Never assume an email is sent…or returned. Sometimes, the smallest things start the biggest misunderstandings.
Emails have all but replaced letters in our society. They have also helped do away with little notes among immediate family members. Beware though, because the wondrous cyberspace doesn’t always make sure those emails arrive.
My daughter is thirteen and experiencing all kinds of firsts, many of which are due to adolescent hormones. The third child and only daughter of divorced parents living in two different states, she has found the world of emails beneficial when she wants to ask her daddy for something.
One evening I found an email in my own box from her.
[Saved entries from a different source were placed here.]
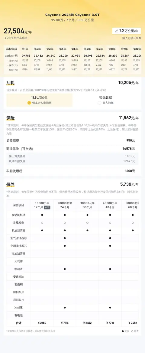 当然,在买车这件事儿上,不仅要考虑购车预算,还要计算日后的使用和维护费用。据我们估算,这辆车的年均综合用车成本约为2.8万元左右。当然,具体的花费会依据车主的使用情况有所不同。
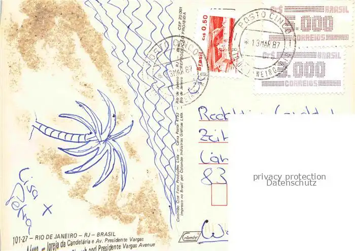 old postcard 74035065 RIO DE JANEIRO Brazil Igreja da Candelária e Avenida Presidente Vargas postalisch gelaufen Erhaltung siehe scans [FriedD77]
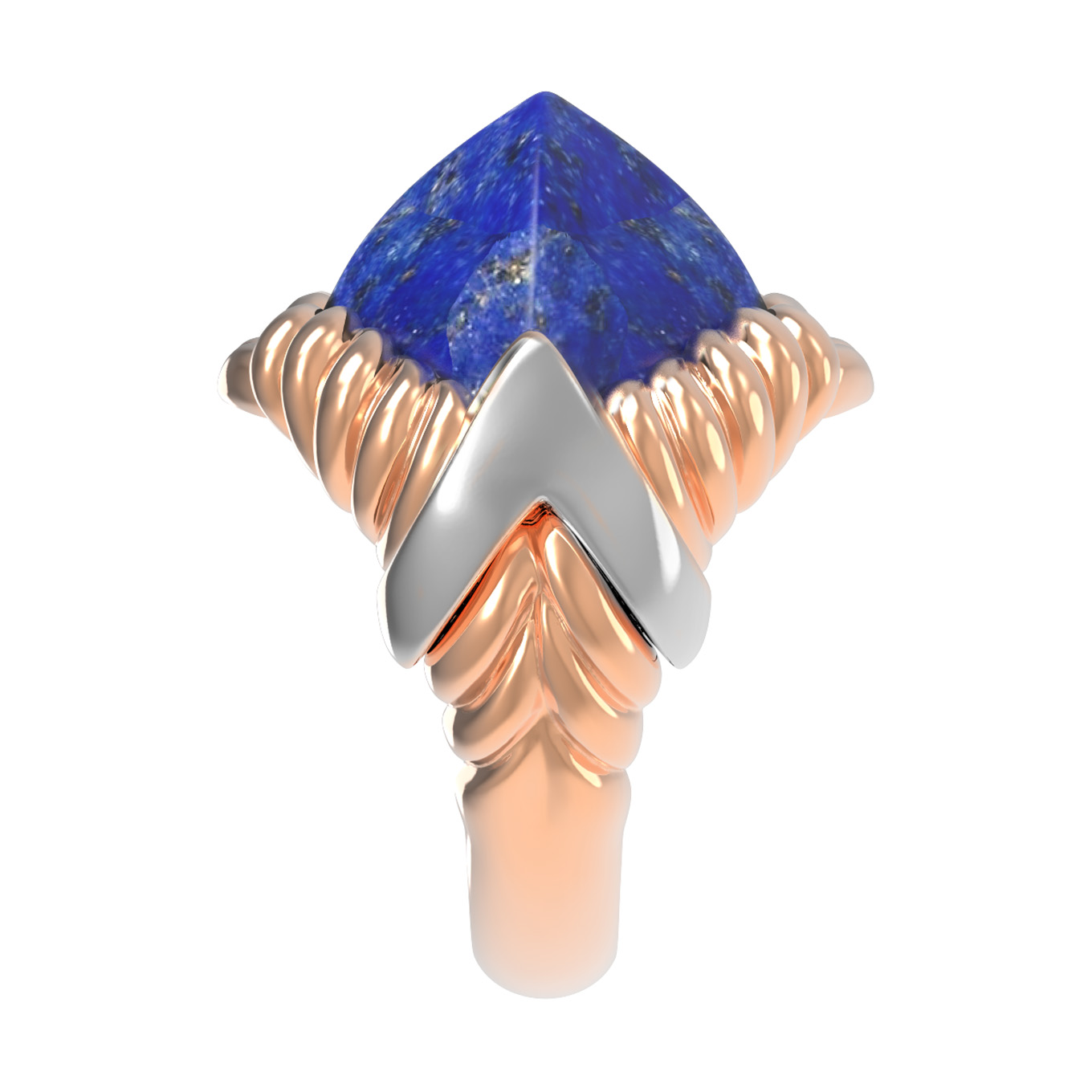 Кольцо из красного золота 585 пробы из коллекции De Luxe — Геометрия станет идеальным акцентом в вашем образе. Это украшение объединяет в себе благородный блеск драгоценного металла и глубокий, насыщенный цвет натурального лазурита. Дизайн модели подчеркивает эстетику геометрии: центральная вставка выполнена в форме эффектного ромба, которая притягивает взгляд своей четкостью и глубиной синего оттенка.
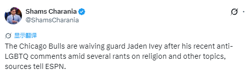 2026-03-31 05:40北京时间3月31日,据名记Shams报道,ESPN消息人士透露,公牛队将裁掉后卫杰登-艾维,此前他多次发表涉及宗教及其他话题的激烈言论,其中还包含反对LGBTQ群体的不当言论。
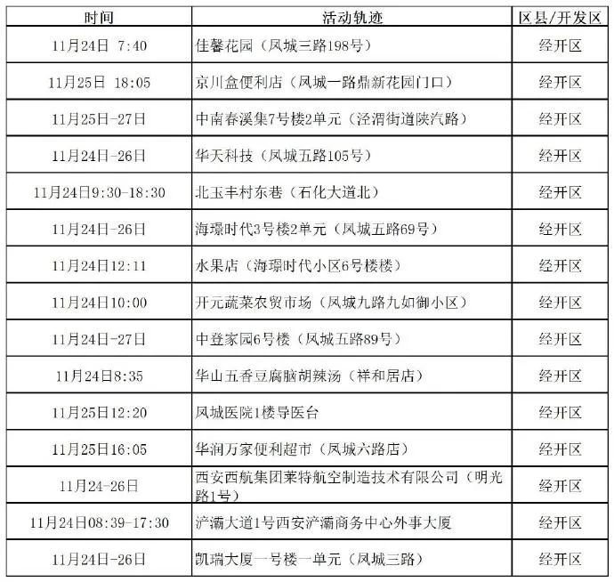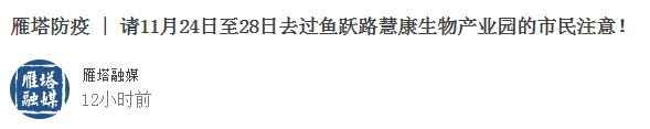 為及時有效阻斷疫情傳播風險,請11月24日00:00至11月28日24:00去過雁塔區魚躍路慧康生物產業園的市民羣眾立即主動向所在社區(村)、單位或酒店報備,按照屬地疫情防控指揮部要求分類落實防控措施。前往報備途中請嚴格落實防疫要求,做好個人防護,不得乘坐公共交通工具。

It was a simple “I love you, Mommy” letter reminiscent of drawings that used to decorate our refrigerator, long replaced by sports and cheerleading practice schedules.
Smiling and just a little teary-eyed, I quickly typed a sentimental reply and clicked send. This began a week of hormonal war and dead silence in our home.
The first day this happened (yes, I admit to being a blonde), this working mother didn’t pick up on the sullen attitude that arrived after my daughter got off the computer as being directed, well, at me. I assumed her father just hadn’t emailed her or perhaps said no to some request.
“Did your dad not write today, Sweetie?”
“Yes, my dad always answers my letters.”
I quickly assured her I wasn’t bad-mouthing her father and that was the end of the conversation.
A few days later, she won tickets to see her favorite country music singer Gretchen Wilson. It would be her first time at a live concert and I was dying to share the experience with her. Mom, however, was still ostracized although it was unclear why.
She got the tickets less than an hour before show time and was determined to take anyone but me, even if it meant tracking down the mailman. Such extreme measures weren’t needed however as she quickly found a friend to go with and I was left at home wishing with all my heart that she had “picked me”.
Four hours later she floated in aglow with the excitement and wonder of the concert. She chattered away as she got ready for bed. I was happy for her. I told her how much I loved her and how she reminded me of a younger version of herself at Christmastime.
“Only I’m too big for love letters from you, right, Mom?”
Confused, I asked her what she meant. With tears in her eyes she told me she had been mad at me for a week over an email she had sent me.
“You mean the one last week saying how much you love me, right?”
She nodded, her adolescent heart breaking as she described checking her email every day. There were plenty of emails from her father and the one announcing her as the recipient of the tickets but not one from her mother.
I took her hand and led her to the computer. Opening my email, I then sat her down in front of the monitor.
“Click on the Sent folder.”
She did and within moments found a copy of the response I had written dated the very evening of her initial email.
I don’t know why it never got to her inbox. I don’t know why she had to suffer needlessly for a week or why a misunderstanding stopped us from sharing a “first” for her but I will never forget the way her face lit up as she read my response:
“Sweetie, I love you, too. I don’t know what I ever did to deserve the greatest daughter in the world but I thank God every day for you. Love, Mom.”
Just to be safe, I make sure to tell her and her brothers how much they mean to me even more now. It’s hard enough being an adolescent teenage girl with fears of peer acceptance. She’s never going to have reason to doubt Mom’s love again.